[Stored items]
....

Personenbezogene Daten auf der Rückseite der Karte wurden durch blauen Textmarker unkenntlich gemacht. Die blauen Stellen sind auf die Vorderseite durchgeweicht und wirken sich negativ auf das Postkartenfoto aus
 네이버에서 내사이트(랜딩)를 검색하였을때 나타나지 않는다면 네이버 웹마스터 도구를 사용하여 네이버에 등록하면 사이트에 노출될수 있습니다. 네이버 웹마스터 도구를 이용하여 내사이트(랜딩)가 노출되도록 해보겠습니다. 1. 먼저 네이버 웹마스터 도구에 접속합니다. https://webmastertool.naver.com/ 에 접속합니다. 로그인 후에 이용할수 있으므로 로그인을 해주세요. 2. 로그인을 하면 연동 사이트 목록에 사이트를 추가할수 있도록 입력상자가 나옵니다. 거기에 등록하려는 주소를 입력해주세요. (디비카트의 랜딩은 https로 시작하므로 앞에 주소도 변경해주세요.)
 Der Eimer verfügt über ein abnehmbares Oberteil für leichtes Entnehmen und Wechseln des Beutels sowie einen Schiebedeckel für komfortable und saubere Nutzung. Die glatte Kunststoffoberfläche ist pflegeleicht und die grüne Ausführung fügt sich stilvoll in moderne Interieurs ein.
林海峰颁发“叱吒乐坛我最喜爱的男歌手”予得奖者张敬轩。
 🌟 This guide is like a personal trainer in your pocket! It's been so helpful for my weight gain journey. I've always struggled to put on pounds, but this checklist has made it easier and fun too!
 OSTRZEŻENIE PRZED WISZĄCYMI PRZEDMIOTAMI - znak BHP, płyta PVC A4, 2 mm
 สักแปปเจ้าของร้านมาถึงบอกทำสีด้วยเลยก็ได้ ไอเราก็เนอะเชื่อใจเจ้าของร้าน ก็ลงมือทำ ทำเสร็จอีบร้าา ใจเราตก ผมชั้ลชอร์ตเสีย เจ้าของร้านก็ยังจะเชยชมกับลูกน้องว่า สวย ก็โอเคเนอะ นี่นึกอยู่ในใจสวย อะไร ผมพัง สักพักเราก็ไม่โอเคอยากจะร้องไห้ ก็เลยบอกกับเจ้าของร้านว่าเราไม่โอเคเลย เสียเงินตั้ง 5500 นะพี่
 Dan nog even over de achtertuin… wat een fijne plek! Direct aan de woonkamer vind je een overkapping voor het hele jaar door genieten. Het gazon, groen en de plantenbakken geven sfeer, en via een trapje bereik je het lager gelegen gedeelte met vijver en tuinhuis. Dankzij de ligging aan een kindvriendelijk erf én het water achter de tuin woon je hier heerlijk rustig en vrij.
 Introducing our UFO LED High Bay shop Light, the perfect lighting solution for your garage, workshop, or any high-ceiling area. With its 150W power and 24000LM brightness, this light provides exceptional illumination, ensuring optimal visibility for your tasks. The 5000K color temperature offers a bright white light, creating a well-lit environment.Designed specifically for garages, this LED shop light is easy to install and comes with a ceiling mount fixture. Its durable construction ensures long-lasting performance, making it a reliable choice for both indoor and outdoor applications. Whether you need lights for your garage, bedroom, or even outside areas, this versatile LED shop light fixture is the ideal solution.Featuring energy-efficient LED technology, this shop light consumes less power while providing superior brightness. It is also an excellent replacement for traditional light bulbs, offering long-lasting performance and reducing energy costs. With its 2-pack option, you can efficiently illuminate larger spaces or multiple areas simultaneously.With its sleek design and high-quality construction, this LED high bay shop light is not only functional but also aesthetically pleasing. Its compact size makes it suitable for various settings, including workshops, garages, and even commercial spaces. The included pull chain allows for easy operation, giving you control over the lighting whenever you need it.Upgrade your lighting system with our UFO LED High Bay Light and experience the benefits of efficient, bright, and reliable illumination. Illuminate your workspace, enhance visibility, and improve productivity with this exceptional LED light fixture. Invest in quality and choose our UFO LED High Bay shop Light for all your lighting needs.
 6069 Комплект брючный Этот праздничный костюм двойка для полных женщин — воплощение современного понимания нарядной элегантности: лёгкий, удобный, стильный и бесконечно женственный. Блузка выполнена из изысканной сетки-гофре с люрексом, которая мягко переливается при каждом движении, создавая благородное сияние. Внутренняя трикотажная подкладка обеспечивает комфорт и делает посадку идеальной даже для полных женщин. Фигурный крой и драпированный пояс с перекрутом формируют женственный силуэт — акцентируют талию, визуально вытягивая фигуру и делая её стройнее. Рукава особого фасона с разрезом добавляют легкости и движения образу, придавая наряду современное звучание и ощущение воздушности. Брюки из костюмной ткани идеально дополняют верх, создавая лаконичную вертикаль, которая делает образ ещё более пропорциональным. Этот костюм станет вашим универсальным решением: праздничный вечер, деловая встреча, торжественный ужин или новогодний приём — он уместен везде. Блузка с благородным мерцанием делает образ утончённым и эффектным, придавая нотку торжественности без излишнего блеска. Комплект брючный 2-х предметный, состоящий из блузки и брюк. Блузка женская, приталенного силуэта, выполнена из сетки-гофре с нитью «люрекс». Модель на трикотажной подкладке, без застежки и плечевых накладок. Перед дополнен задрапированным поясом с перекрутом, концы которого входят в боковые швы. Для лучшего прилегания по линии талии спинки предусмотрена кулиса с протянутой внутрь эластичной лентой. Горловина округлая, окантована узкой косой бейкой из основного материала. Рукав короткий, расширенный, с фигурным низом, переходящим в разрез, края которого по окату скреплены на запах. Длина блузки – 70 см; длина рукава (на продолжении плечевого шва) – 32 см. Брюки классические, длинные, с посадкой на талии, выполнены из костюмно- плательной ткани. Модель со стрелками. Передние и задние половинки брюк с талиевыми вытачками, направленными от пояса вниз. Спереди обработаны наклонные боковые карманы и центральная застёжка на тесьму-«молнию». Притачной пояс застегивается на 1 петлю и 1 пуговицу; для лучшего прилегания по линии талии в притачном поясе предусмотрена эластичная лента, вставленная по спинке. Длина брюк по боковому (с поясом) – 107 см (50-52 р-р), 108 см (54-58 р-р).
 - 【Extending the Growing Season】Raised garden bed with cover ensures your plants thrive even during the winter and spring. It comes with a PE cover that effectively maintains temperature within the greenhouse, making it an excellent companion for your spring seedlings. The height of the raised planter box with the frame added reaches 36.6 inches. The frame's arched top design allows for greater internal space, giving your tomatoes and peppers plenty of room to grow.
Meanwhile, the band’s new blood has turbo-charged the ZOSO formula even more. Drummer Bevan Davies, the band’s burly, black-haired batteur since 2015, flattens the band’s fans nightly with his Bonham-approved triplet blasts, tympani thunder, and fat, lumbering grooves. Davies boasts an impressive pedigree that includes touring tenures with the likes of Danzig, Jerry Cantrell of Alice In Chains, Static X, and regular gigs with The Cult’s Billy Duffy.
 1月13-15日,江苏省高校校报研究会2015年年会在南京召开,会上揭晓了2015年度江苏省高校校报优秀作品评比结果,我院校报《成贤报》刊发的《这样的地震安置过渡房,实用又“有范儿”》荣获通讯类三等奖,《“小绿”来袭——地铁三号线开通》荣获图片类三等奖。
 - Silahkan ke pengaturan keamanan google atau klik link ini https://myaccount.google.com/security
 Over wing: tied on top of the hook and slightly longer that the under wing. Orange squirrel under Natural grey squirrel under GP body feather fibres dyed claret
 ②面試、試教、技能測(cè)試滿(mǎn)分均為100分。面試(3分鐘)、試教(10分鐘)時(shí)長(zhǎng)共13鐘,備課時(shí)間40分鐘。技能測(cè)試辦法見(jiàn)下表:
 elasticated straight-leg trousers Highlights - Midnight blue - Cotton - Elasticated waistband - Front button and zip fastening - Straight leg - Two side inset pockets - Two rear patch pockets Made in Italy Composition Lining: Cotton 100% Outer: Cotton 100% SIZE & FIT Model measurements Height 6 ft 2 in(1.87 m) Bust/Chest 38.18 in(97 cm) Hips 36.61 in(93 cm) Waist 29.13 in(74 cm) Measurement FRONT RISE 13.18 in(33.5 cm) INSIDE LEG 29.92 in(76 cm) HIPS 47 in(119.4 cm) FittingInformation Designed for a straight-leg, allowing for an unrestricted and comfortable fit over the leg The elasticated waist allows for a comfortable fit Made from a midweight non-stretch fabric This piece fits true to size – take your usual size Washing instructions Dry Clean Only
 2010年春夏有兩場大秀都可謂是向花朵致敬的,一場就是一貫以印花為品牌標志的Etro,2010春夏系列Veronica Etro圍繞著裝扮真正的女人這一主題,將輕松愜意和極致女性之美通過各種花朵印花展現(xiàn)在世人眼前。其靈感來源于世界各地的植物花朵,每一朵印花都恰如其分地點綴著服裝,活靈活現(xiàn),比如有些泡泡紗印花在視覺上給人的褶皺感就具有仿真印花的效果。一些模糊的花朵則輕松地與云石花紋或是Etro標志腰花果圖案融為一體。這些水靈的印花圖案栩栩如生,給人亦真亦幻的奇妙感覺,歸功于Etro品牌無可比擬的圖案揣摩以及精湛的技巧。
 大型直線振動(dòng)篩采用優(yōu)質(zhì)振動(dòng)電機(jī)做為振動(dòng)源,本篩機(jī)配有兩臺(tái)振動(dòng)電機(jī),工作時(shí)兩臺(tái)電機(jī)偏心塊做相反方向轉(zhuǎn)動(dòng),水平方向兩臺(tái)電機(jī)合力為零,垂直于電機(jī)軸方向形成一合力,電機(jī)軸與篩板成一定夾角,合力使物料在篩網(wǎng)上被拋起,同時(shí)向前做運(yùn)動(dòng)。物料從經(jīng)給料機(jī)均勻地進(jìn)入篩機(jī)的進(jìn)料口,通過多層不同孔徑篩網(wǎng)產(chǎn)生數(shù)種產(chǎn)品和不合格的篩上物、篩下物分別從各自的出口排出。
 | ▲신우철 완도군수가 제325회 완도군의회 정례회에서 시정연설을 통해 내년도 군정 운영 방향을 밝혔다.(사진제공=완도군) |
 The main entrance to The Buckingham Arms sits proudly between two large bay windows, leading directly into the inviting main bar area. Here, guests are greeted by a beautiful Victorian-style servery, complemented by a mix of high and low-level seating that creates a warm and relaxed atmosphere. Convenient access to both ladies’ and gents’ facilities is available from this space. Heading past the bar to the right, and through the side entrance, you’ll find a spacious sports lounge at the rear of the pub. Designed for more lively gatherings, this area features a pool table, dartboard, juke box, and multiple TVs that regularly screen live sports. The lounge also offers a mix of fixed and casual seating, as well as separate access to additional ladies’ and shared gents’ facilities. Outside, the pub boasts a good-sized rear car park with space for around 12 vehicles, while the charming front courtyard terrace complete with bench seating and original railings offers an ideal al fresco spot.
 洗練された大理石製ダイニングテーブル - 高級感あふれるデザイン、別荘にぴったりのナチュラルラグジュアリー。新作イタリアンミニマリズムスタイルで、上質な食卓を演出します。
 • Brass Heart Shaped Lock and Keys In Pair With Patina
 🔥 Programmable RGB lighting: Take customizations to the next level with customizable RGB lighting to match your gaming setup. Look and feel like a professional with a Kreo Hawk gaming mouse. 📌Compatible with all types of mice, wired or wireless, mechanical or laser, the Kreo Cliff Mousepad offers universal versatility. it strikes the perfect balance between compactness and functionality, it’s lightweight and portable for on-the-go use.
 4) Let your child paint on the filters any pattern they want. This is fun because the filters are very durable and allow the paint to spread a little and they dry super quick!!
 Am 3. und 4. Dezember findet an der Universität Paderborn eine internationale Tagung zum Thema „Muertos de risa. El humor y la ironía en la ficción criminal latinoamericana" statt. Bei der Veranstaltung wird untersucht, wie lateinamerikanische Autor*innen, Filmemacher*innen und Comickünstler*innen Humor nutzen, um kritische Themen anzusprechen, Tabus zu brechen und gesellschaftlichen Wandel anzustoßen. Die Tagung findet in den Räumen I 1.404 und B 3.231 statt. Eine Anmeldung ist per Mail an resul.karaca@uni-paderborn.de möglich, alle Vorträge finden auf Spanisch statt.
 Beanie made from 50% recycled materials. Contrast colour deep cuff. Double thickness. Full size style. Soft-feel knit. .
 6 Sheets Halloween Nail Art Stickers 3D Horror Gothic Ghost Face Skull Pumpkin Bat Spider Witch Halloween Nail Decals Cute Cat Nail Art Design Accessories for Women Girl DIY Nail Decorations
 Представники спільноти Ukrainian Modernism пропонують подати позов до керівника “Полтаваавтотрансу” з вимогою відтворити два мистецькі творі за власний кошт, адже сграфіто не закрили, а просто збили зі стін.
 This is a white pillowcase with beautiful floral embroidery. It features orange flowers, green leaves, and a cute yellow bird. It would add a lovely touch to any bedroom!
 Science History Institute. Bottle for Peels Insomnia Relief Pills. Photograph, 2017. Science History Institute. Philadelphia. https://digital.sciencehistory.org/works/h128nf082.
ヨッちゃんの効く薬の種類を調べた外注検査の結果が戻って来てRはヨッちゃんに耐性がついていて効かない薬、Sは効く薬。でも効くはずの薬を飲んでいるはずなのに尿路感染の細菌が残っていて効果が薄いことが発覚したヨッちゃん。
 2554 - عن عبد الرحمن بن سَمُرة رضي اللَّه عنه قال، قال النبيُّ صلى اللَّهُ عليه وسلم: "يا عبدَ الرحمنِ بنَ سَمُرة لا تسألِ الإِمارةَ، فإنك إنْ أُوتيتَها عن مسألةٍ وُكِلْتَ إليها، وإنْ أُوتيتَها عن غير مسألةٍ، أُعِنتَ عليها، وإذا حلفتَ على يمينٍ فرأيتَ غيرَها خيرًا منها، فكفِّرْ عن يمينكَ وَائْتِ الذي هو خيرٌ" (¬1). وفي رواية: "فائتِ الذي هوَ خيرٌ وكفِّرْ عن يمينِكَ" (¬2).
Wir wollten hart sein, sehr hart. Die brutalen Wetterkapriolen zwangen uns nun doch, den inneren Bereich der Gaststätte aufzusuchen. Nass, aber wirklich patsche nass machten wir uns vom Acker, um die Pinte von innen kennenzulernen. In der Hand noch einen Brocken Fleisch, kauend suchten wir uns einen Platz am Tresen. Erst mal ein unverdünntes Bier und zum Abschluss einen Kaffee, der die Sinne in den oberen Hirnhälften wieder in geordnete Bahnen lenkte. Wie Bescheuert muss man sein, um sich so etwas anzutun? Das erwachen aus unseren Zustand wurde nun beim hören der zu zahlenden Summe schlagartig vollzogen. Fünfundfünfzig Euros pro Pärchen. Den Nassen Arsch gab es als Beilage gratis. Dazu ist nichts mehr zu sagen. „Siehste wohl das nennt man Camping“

....

▸ **AIM OF THE TASK**
Report each line in the preceding entries that holds the string "https".

▸ **RESULT OF THIS TASK**
 네이버에서 내사이트(랜딩)를 검색하였을때 나타나지 않는다면 네이버 웹마스터 도구를 사용하여 네이버에 등록하면 사이트에 노출될수 있습니다. 네이버 웹마스터 도구를 이용하여 내사이트(랜딩)가 노출되도록 해보겠습니다. 1. 먼저 네이버 웹마스터 도구에 접속합니다. https://webmastertool.naver.com/ 에 접속합니다. 로그인 후에 이용할수 있으므로 로그인을 해주세요. 2. 로그인을 하면 연동 사이트 목록에 사이트를 추가할수 있도록 입력상자가 나옵니다. 거기에 등록하려는 주소를 입력해주세요. (디비카트의 랜딩은 https로 시작하므로 앞에 주소도 변경해주세요.)
 - Silahkan ke pengaturan keamanan google atau klik link ini https://myaccount.google.com/security
 Science History Institute. Bottle for Peels Insomnia Relief Pills. Photograph, 2017. Science History Institute. Philadelphia. https://digital.sciencehistory.org/works/h128nf082.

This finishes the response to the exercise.